We Let an AI Agent Run Autonomous Experiments on ModSecurity CRS. Here's What It Found.
Starting from stock OWASP CRS defaults, an AI agent improved balanced accuracy from 86.7% to 96.7% on CRS v3.3.8, and from 80.8% to 98.4% on CRS v4.24.0, running 30 experiments over 7 hours. Full methodology, results, and downloadable configs.
What happens when you let an AI agent modify WAF configuration, measure the results, and iterate, all on its own?

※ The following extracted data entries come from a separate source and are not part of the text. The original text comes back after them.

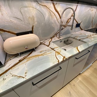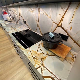 Et que dire d'un plan de travail en quartzite Taj Mahal ? On aime ses nuances jaune or et ses veinages couleur châtaigne.
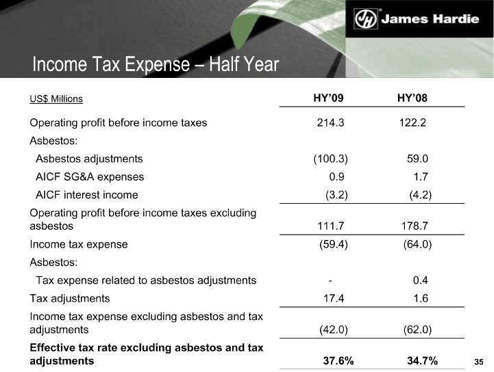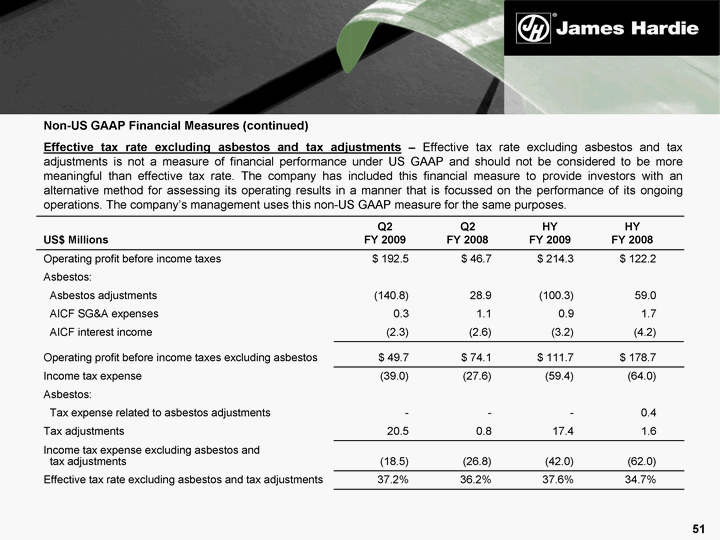 | Non-US GAAP Financial Measures (continued) Effective tax rate excluding asbestos and tax adjustments - Effective tax rate excluding asbestos and tax adjustments is not a measure of financial performance under US GAAP and should not be considered to be more meaningful than effective tax rate. The company has included this financial measure to provide investors with an alternative method for assessing its operating results in a manner that is focussed on the performance of its ongoing operations. The company's management uses this non-US GAAP measure for the same purposes. US$ Millions Q2 FY 2009 Q2 FY 2008 HY FY 2009 HY FY 2008 Operating profit before income taxes $ 192.5 $ 46.7 $ 214.3 $ 122.2 Asbestos: Asbestos adjustments (140.8) 28.9 (100.3) 59.0 AICF SG&A expenses 0.3 1.1 0.9 1.7 AICF interest income (2.3) (2.6) (3.2) (4.2) Operating profit before income taxes excluding asbestos $ 49.7 $ 74.1 $ 111.7 $ 178.7 Income tax expense (39.0) (27.6) (59.4) (64.0) Asbestos: Tax expense related to asbestos adjustments - - - 0.4 Tax adjustments 20.5 0.8 17.4 1.6 Income tax expense excluding asbestos and tax adjustments (18.5) (26.8) (42.0) (62.0) Effective tax rate excluding asbestos and tax adjustments 37.2% 36.2% 37.6% 34.7% |
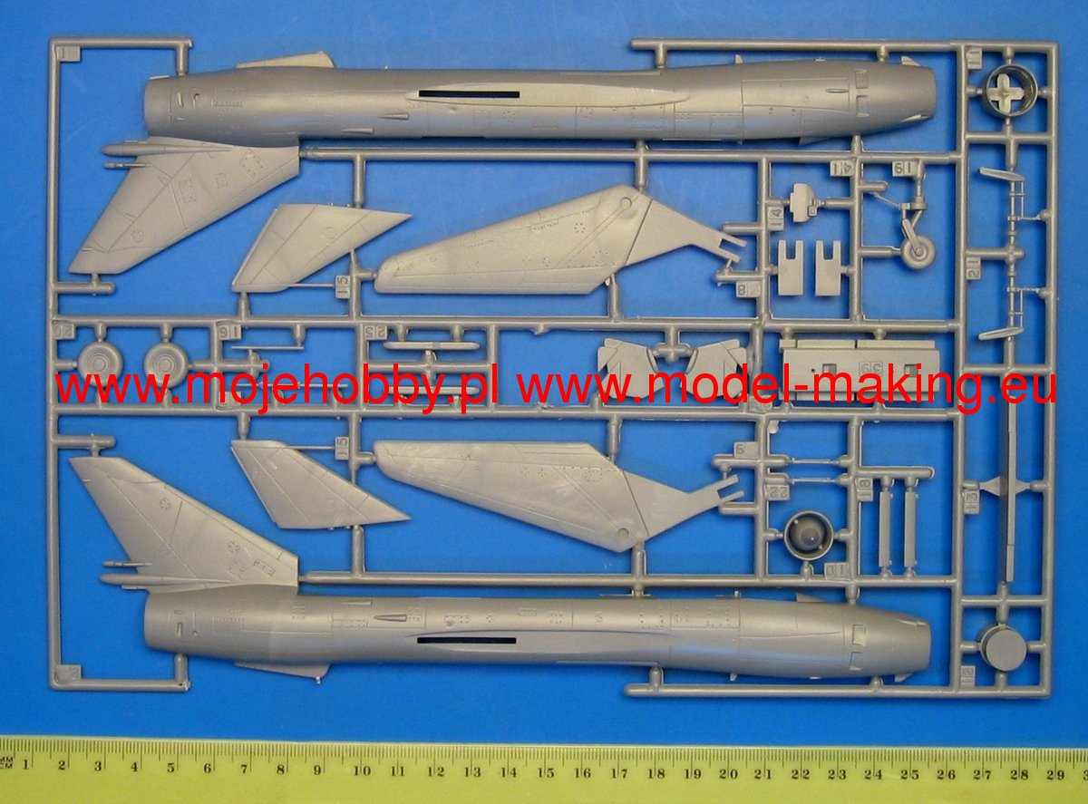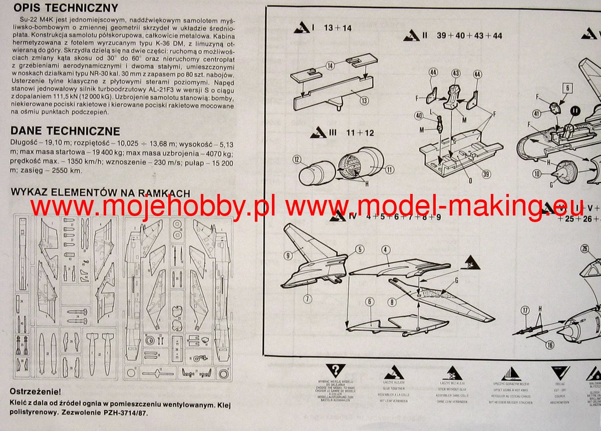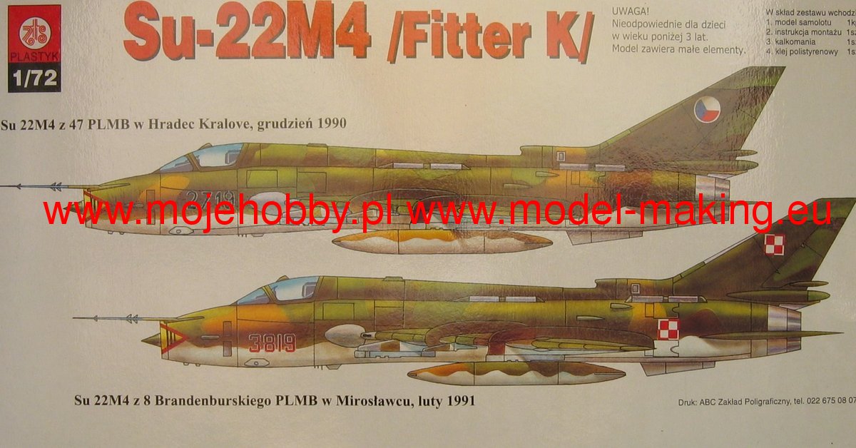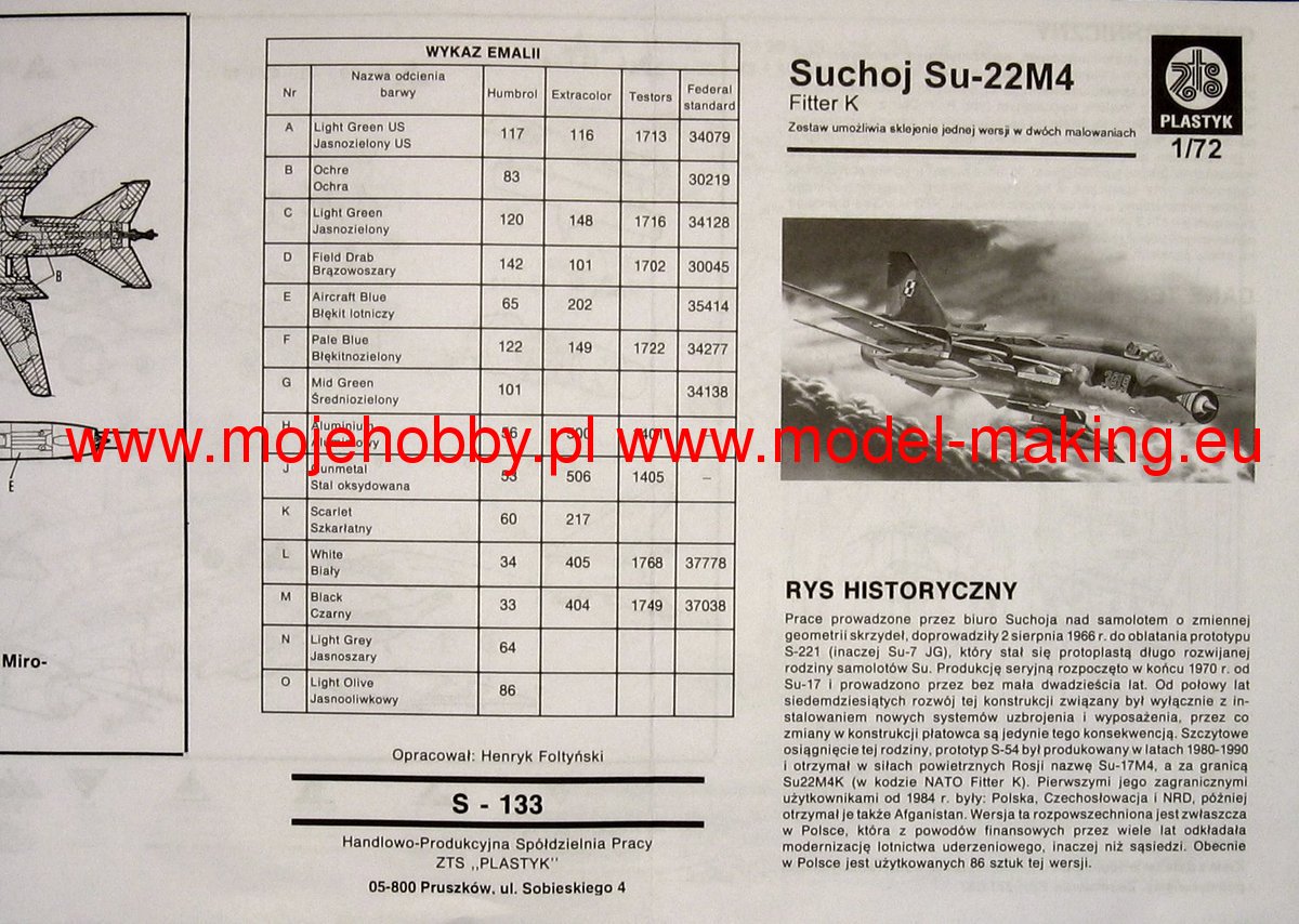 The Sukhoi Su-22 is a Soviet single-engine attack bomber with variable wing geometry, a development of the Su-17 machine, mainly for export. The first export version is the Su-22K, with the Tumański R-29 engine. A two-seater version was quickly created, designated as Su-22M3U. The Su-22M4 model, which was first sold in 1979, was the most sold. It had a significantly modernized avionics with laser devices for distance measurement and targeting (Klon-54 device). It was the standard attack aircraft of the 1980s of the Warsaw Pact countries. Technical data: length: 19.02m, wingspan (with folded wings): 10.02m, height: 5.1m, maximum speed: 1.7Ma, rate of climb: 230m / s, maximum range: 2250km, armament: fixed - 2 NR-30 30mm guns, slung - up to 4070 kg of cargo
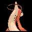 Milotic is an aquatic, serpentinePokémon with a primarily cream-colored body. It has red eyes with long, pinkish antennae above them. Additionally, there are long, hair-like fins above its eyes, which begin thin and thicken towards the tips. These eyebrows extend to almost half of Milotic's body length and will be longer on the female than the male. On top of its relatively small head is a straight spike. Running down either side of its neck are three black dots, similar to gills. Its lower body is a pattern of blue and pink, diamond-shaped scales outlined with black. The tail consists of four large, blue fins with pink ovals in their centers. Each of the tail fins overlaps the next slightly, causing it to resemble a fan. Milotic's scales are said to change color depending on the viewing angle, which has so far only been depicted inPokémon Battle Revolution.
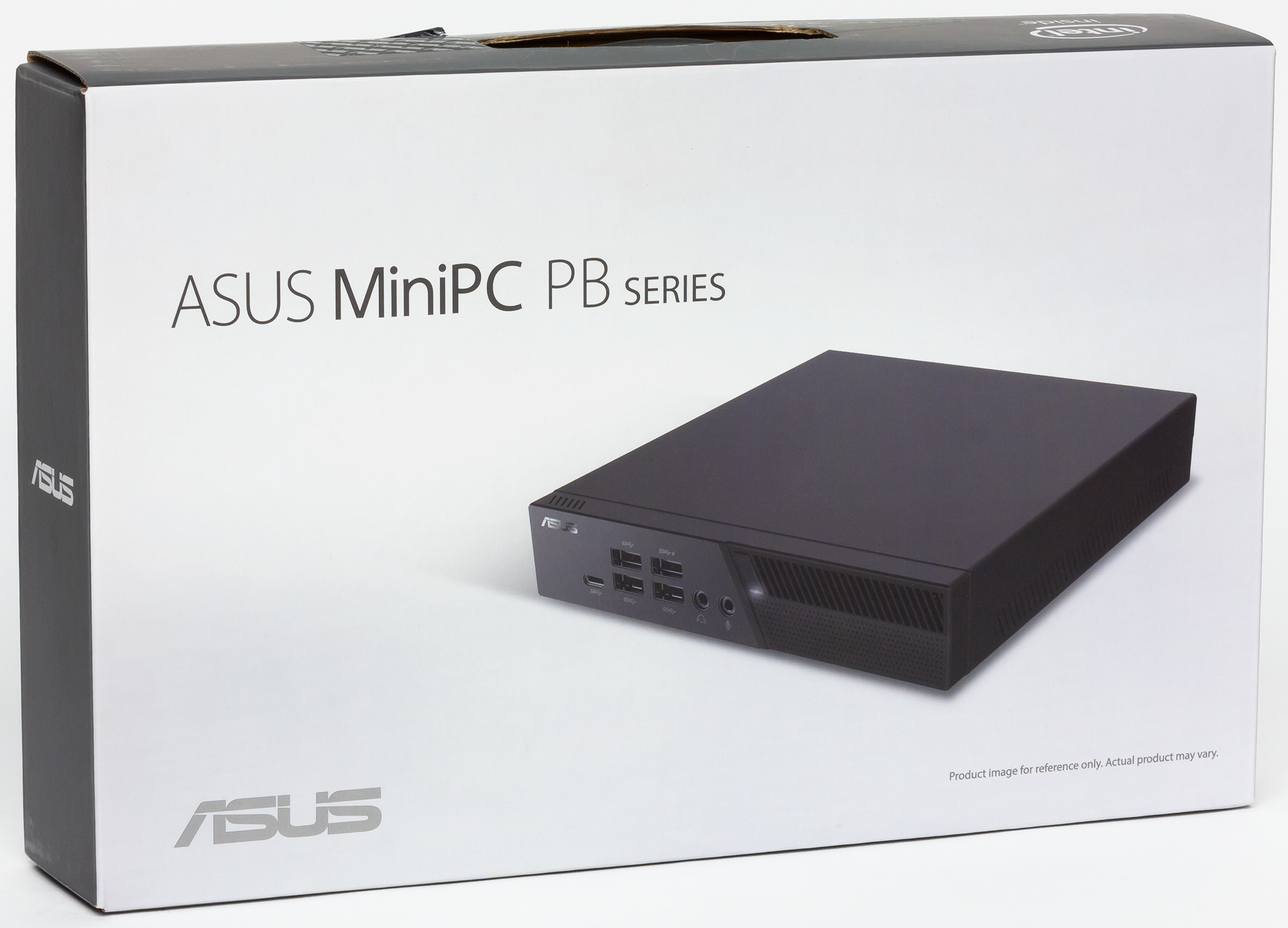 Мини-ПК Asus PB60V поставляется в небольшой коробке с ручкой (в аналогичных по размерам коробках поставляются компактные ноутбуки).
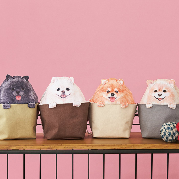 ▼最後是四種花色的「博美造型置物籃」,像是博美趴在籃子上耍萌,像這樣一字排開是不是可愛到想立刻帶回家呢~
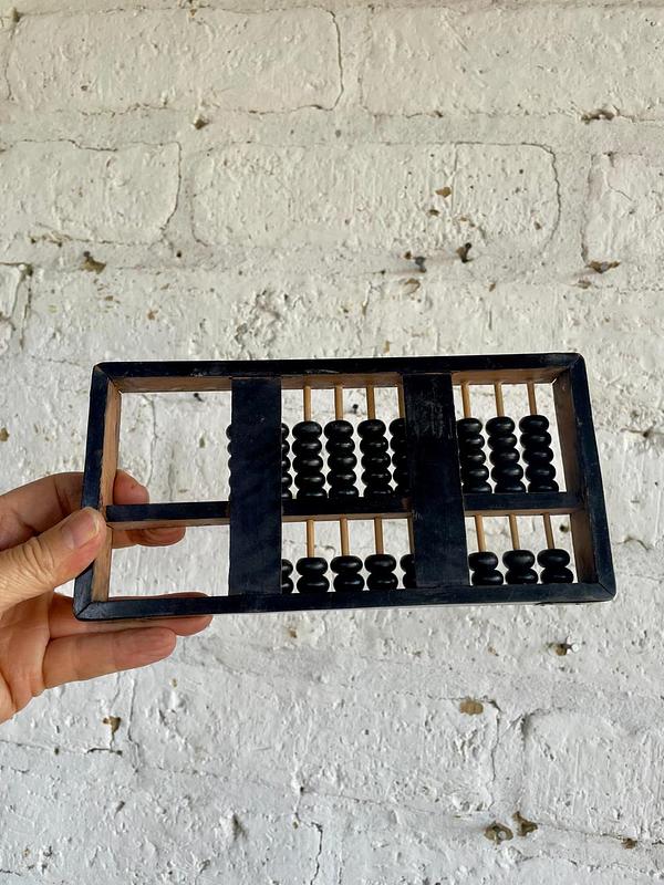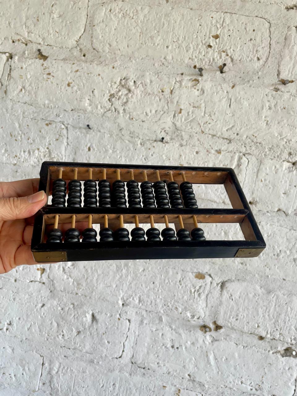 Abaco con marco, 10 varillas y cuentas de madera, los refuerzos en las esquinas son en lámina de bronce. Este ábaco originalmente era de 13 varillas, le faltan 3 varillas. Elaborado en China en los años ochenta.
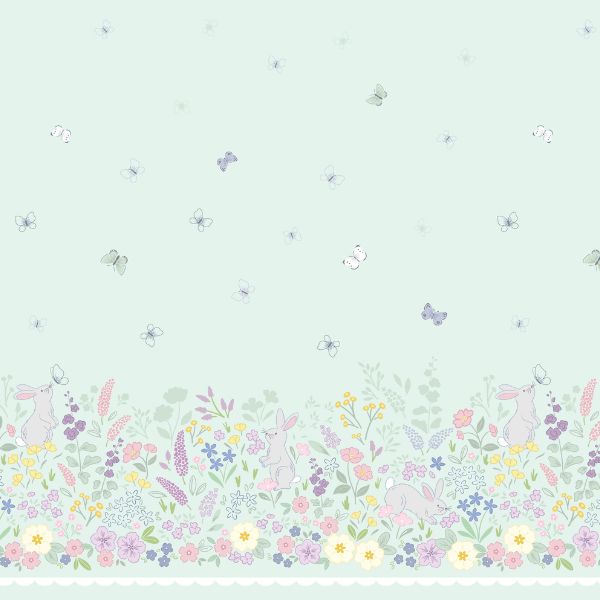 CC71 Spring Symphony Double Edge Border Panel, Dear Spring by Cassandra Connolly features a double border of beautiful pastel flowers decorated with butterflies on a pastel blue background.
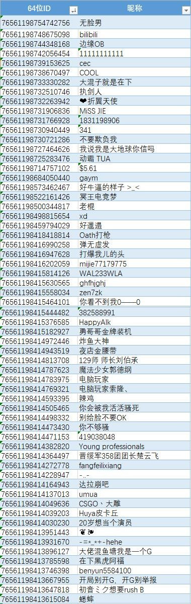 (在页面按Ctrl+F可查找玩家昵称及ID):
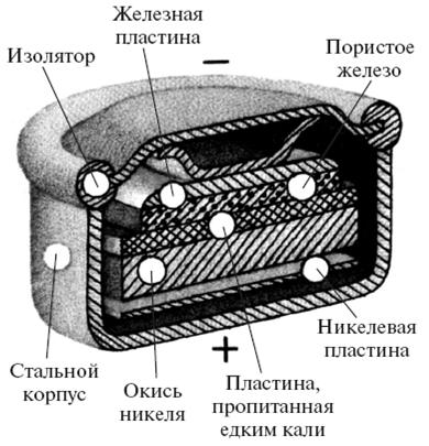 В аккумуляторах Эдисона электролитом служит уже не кислота, а щелочь – 20%-ный раствор едкого кали. Пластины изготовлены из стальных решеток с карманами. У положительных пластин карманы заполнены смесью, содержащей окись никеля, а у отрицательных – губчатым кадмием. Корпус щелочного аккумулятора стальной, что придает устройству большую прочность.

We built a system to find out. Starting from stock OWASP CRS defaults, the agent improved balanced accuracy from 86.7% to 96.7% on CRS v3.3.8, and from 80.8% to 98.4% on CRS v4.24.0, finding configuration improvements that most human operators would never think to try.
This post covers the full experiment: methodology, every finding, downloadable configs, and what it means for WAF operators. We tested against both CRS v3.3.8 and v4.24.0 because a lot of deployments are still on v3.
Background
The OWASP Core Rule Set (CRS) is the most widely deployed open-source WAF ruleset. It ships with sensible defaults, but those defaults are a compromise. Every WAF deployment faces the same tension: catch more attacks (true positive rate) vs. block fewer legitimate requests (false positive rate).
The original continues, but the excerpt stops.